Maximize expected probability of reconstructing the original image over your true distribution:
$$
\begin{aligned}
\argmax_\theta \mathbb{E}_{q(x_0)}[\log p_\theta(x_0)] \quad & \\
= \argmax_\theta \mathbb{E}_{q(x_0)}[\log \int p_\theta(x_{0:T}) \, dx_{1:T}] \quad & \text{Represent as marginal} \\
= \argmax_\theta \mathbb{E}_{q(x_0)}[\log \int q(x_{1:T}|x_0) \frac{p_\theta(x_{0:T}) }{q(x_{1:T}| x_0)} \, dx_{1:T}] \quad & \text{Importance sampling trick from known distribution, forward process $q(x_{1:T}| x_0)$} \\
= \argmax_\theta \mathbb{E}_{q(x_0)}[ \log \mathbb{E}_{q(x_{1:T}|x_0)}\left[\frac{p_\theta(x_{0:T})}{q(x_{1:T}| x_0)}\right]] \quad & \text{Definition of expectation} \\
= \argmin_\theta \mathbb{E}_{q(x_0)}\left[ -\log \mathbb{E}_{q(x_{1:T}|x_0)}\left[\frac{p_\theta(x_{0:T})}{q(x_{1:T}| x_0)}\right]\right] \quad &  \\
\leq \argmin_\theta \mathbb{E}_{q(x_{0:T})}\left[-\log \frac{p_\theta(x_{0:T})}{q(x_{1:T}| x_0)}\right] \quad & \text{Jensen's Inequality, $-\log$ is convex} \\
\ldots \quad & \text{Simplifies to...} \\
\argmin_\theta \mathbb{E}_{t,x_0,\epsilon}\left[\left|\left|\epsilon - \epsilon_\theta(x_t, t)\right|\right|^2 \right]  \quad &  \\
\argmin_\theta \mathbb{E}_{t,x_0,\epsilon}\left[\left|\left|\epsilon - \epsilon_\theta\left(\sqrt{\alpha_{t}}x_0 + \sqrt{1-\alpha_{t}}\epsilon, t\right)\right|\right|^2 \right] \quad & 
\end{aligned} 
$$


In [1]:
import torch
import cv2
import math
import numpy as np
import pandas as pd
import matplotlib.pyplot as plt
# from PIL import Image
from torchvision.io import read_image
from tqdm.notebook import tqdm

In [2]:
class ImageDataset(torch.utils.data.Dataset):
    def __init__(self, file_list):
        super().__init__()
        self.file_list = file_list
        
    def __len__(self,):
        return len(self.file_list)
 
    def __getitem__(self, index):
        image_path = f"./data/celeb_faces/img_align_celeba/{self.file_list[index]}"
        image = cv2.imread(image_path)
        image = cv2.cvtColor(image, cv2.COLOR_BGR2RGB)
        image = cv2.resize(image, (224,224))

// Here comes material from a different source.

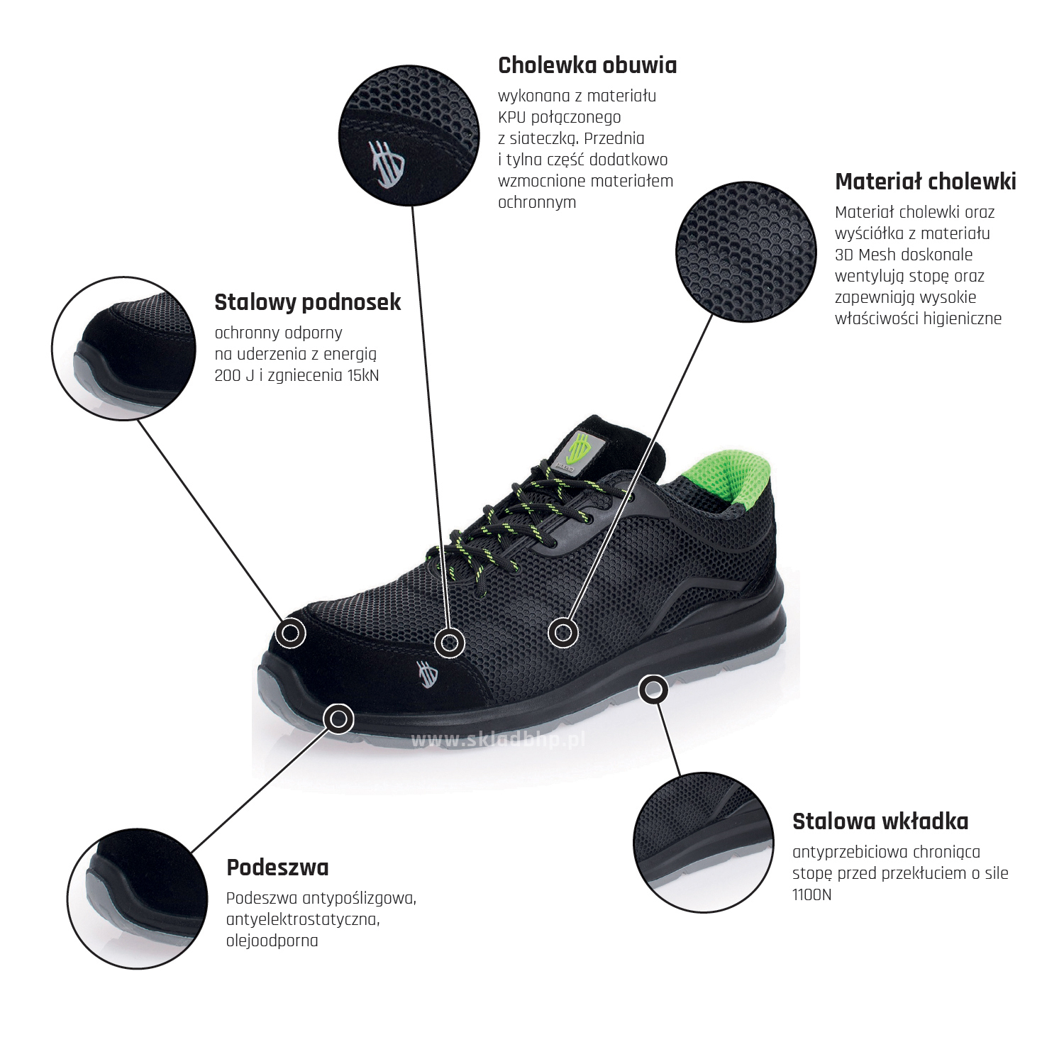 ✔️ Półbuty NETO S1P ze stalowym podnoskiem ochronnym odpornym na uderzenia z energią 200 J i zgniecenia 15kN

        image = torch.tensor(image, dtype=torch.float32) / 255

        #scale from 0,1 to -1,1
        image = image * 2 - 1

        return image

In [3]:
class DownSample(torch.nn.Module):
    def __init__(self, in_channels, out_channels):
        super().__init__()
        self.conv1 = torch.nn.Conv2d(in_channels, out_channels, kernel_size=(3,3), padding=1)
        self.conv2 = torch.nn.Conv2d(out_channels, out_channels, kernel_size=(3,3), padding=1)
        self.pool = torch.nn.MaxPool2d(kernel_size=(2,2), stride=2)
        self.bn = torch.nn.BatchNorm2d(out_channels) 

    def forward(self, x): # returns (feature map before pool, feature map after max pooling)
        pre_pool = self.conv1(x)
        pre_pool = self.conv2(pre_pool)
        # pre_pool = torch.nn.functional.batch_norm(pre_pool)
        pre_pool = torch.nn.functional.relu(pre_pool)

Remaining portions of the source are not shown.